WORK ITEM:
Set every entry below down once more, exactly as it stands, without images.

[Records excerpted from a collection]

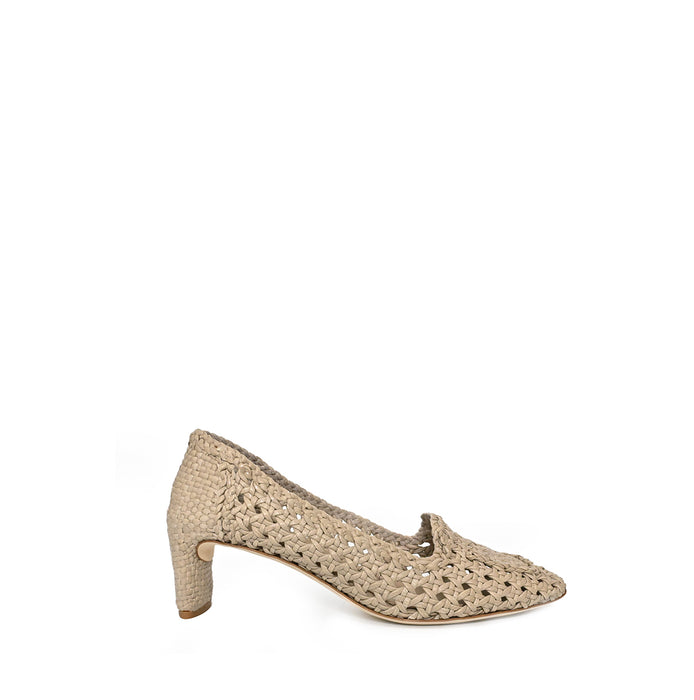Leather pumps with the special woven leather from Del Carlo. A round-toe, slip-on design. Leather lining, leather sole.
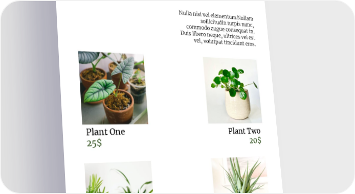 Our Plants Products Nulla nisi vel elementum.Nullam sollicitudin turpis nunc, commodo augue consequat in. Duis libero neque, ultrices vel est vel, volutpat tincidunt eros. Plant One Plant Two 25$ 20$ Plant Three Plant Four 30$ 10$
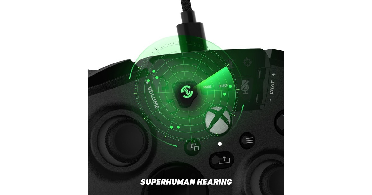 Einfach zugängliche Audiosteuerung (4 EQ-Voreinstellungen, Spiel- und Chat-Mixer, Mikrofon-Monitoring und mehr), Superhuman Hearing, Pro-Aim-Focus-Modus, 2 anpassbare Quick-Action-Tasten, 4 Konfigurationsprofile, Vibrationsmotoren in Griffen und Triggern, Micro-Cooling (Kühlung an den Griffen), Komfortable Ergonomie, Abnehmbares Kabel |
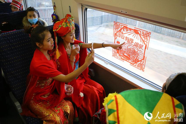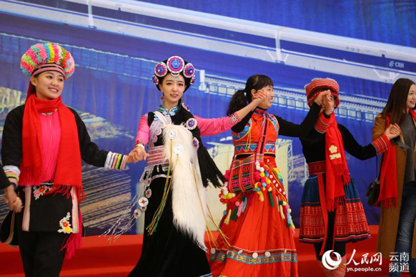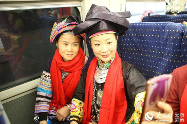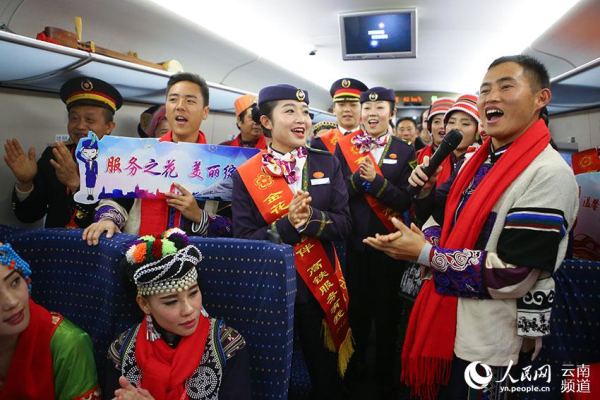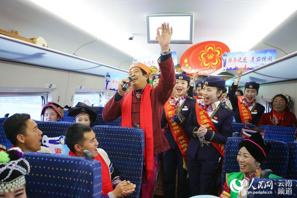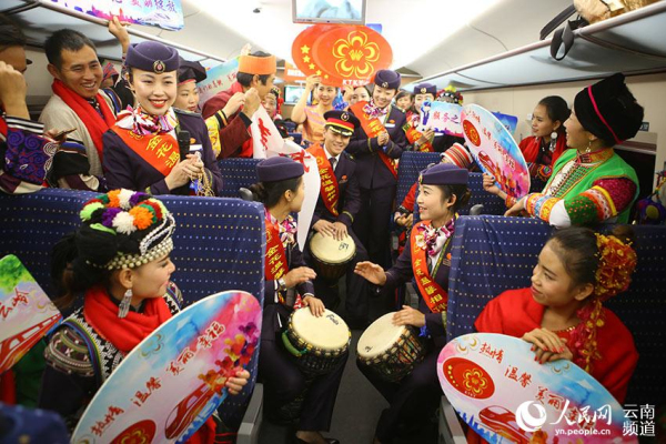 “路旁的花儿正在开哟,树上果儿等人摘,等人摘,那个塞洛塞,那个唉洛唉,远方的客人请你留下来……”G4136次列车开出后不久,欢歌笑语就传遍了整个车厢。来自云南的25个少数民族群众代表身着盛装,与乘务员一起,载歌载舞,庆祝高铁的顺利开通。
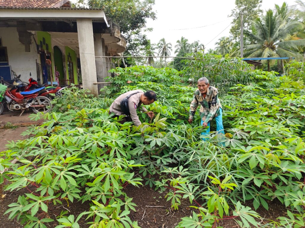 “Bripka Sahril melakukan pengecekan langsung ke lahan pekarangan warga Bapak Sultani untuk memastikan kesiapan lahan dan bibit singkong,” ujar Kapolsek Makarti Jaya Iptu Suhendri.
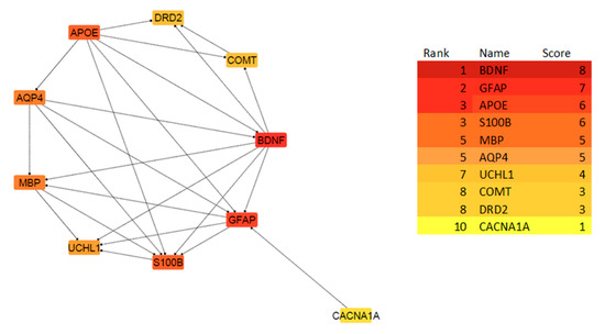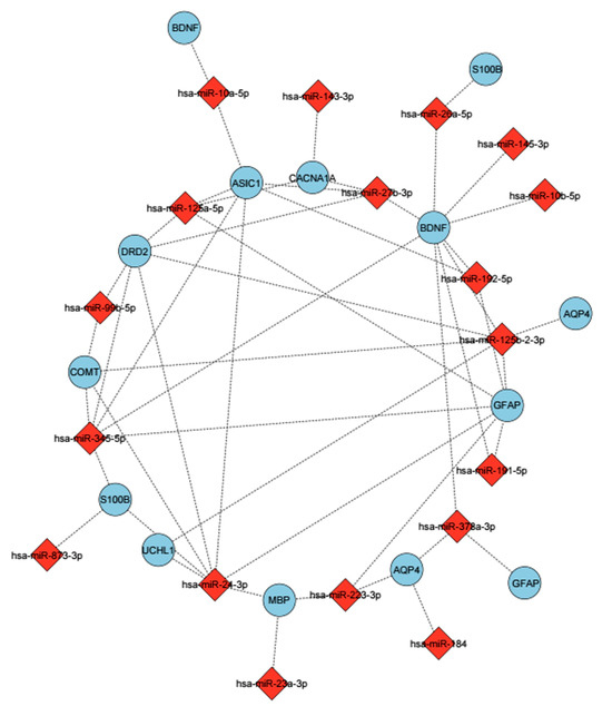| hsa-miR-125b-2-3p | 2.86 × 108 | 9.78 × 106 | GFAP, BDNF, AQP4, DRD2, COMT, UCHL1 | Synapse, regulation of nitrogen compound metabolic process, nervous system development |
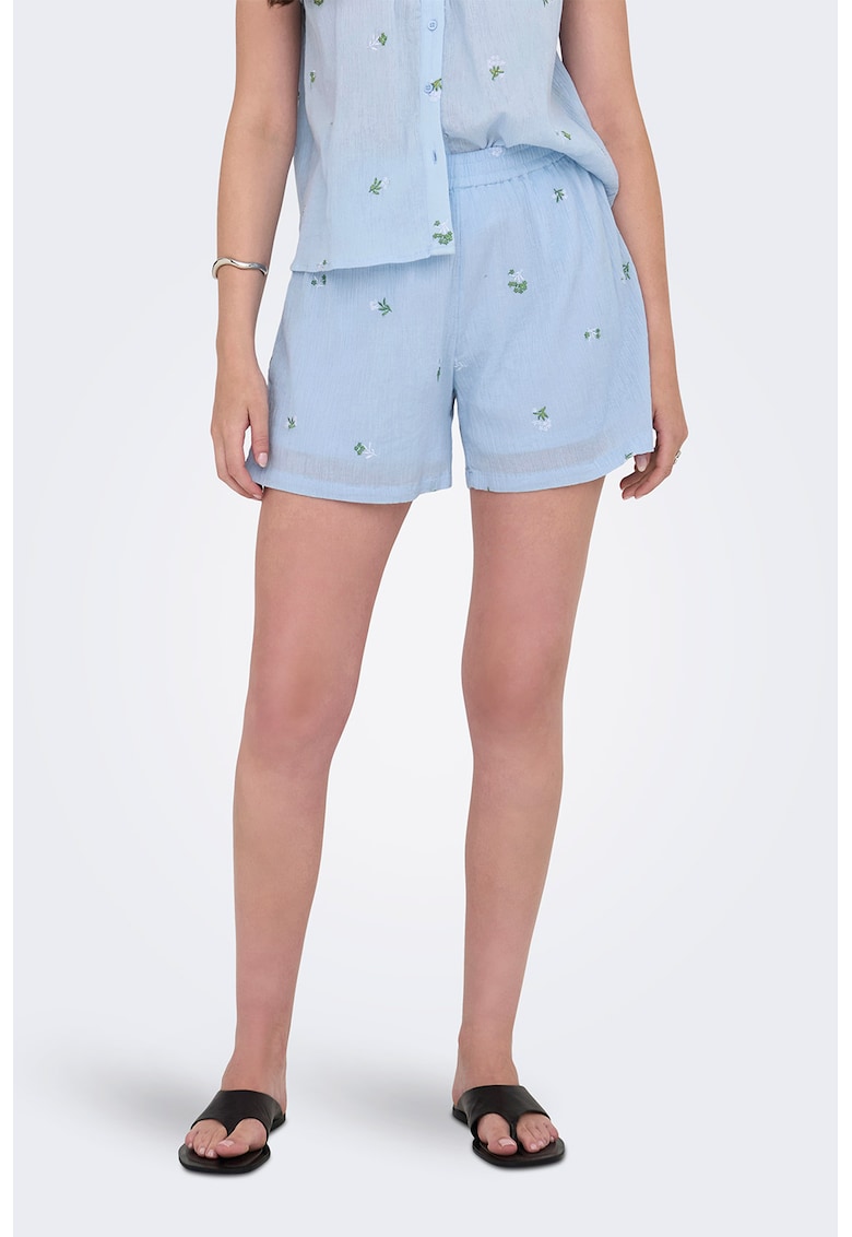 - verde marin Stil: casual Material: bumbac Imprimeu: floral Croiala: regular fit Lungime: scurti Talie: inalta Detalii: talie elastica

RESPONSE BOX:
Leather pumps with the special woven leather from Del Carlo. A round-toe, slip-on design. Leather lining, leather sole.
 Our Plants Products Nulla nisi vel elementum.Nullam sollicitudin turpis nunc, commodo augue consequat in. Duis libero neque, ultrices vel est vel, volutpat tincidunt eros. Plant One Plant Two 25$ 20$ Plant Three Plant Four 30$ 10$
 Einfach zugängliche Audiosteuerung (4 EQ-Voreinstellungen, Spiel- und Chat-Mixer, Mikrofon-Monitoring und mehr), Superhuman Hearing, Pro-Aim-Focus-Modus, 2 anpassbare Quick-Action-Tasten, 4 Konfigurationsprofile, Vibrationsmotoren in Griffen und Triggern, Micro-Cooling (Kühlung an den Griffen), Komfortable Ergonomie, Abnehmbares Kabel |
 “路旁的花儿正在开哟,树上果儿等人摘,等人摘,那个塞洛塞,那个唉洛唉,远方的客人请你留下来……”G4136次列车开出后不久,欢歌笑语就传遍了整个车厢。来自云南的25个少数民族群众代表身着盛装,与乘务员一起,载歌载舞,庆祝高铁的顺利开通。
 “Bripka Sahril melakukan pengecekan langsung ke lahan pekarangan warga Bapak Sultani untuk memastikan kesiapan lahan dan bibit singkong,” ujar Kapolsek Makarti Jaya Iptu Suhendri.
| hsa-miR-125b-2-3p | 2.86 × 108 | 9.78 × 106 | GFAP, BDNF, AQP4, DRD2, COMT, UCHL1 | Synapse, regulation of nitrogen compound metabolic process, nervous system development |
 - verde marin Stil: casual Material: bumbac Imprimeu: floral Croiala: regular fit Lungime: scurti Talie: inalta Detalii: talie elastica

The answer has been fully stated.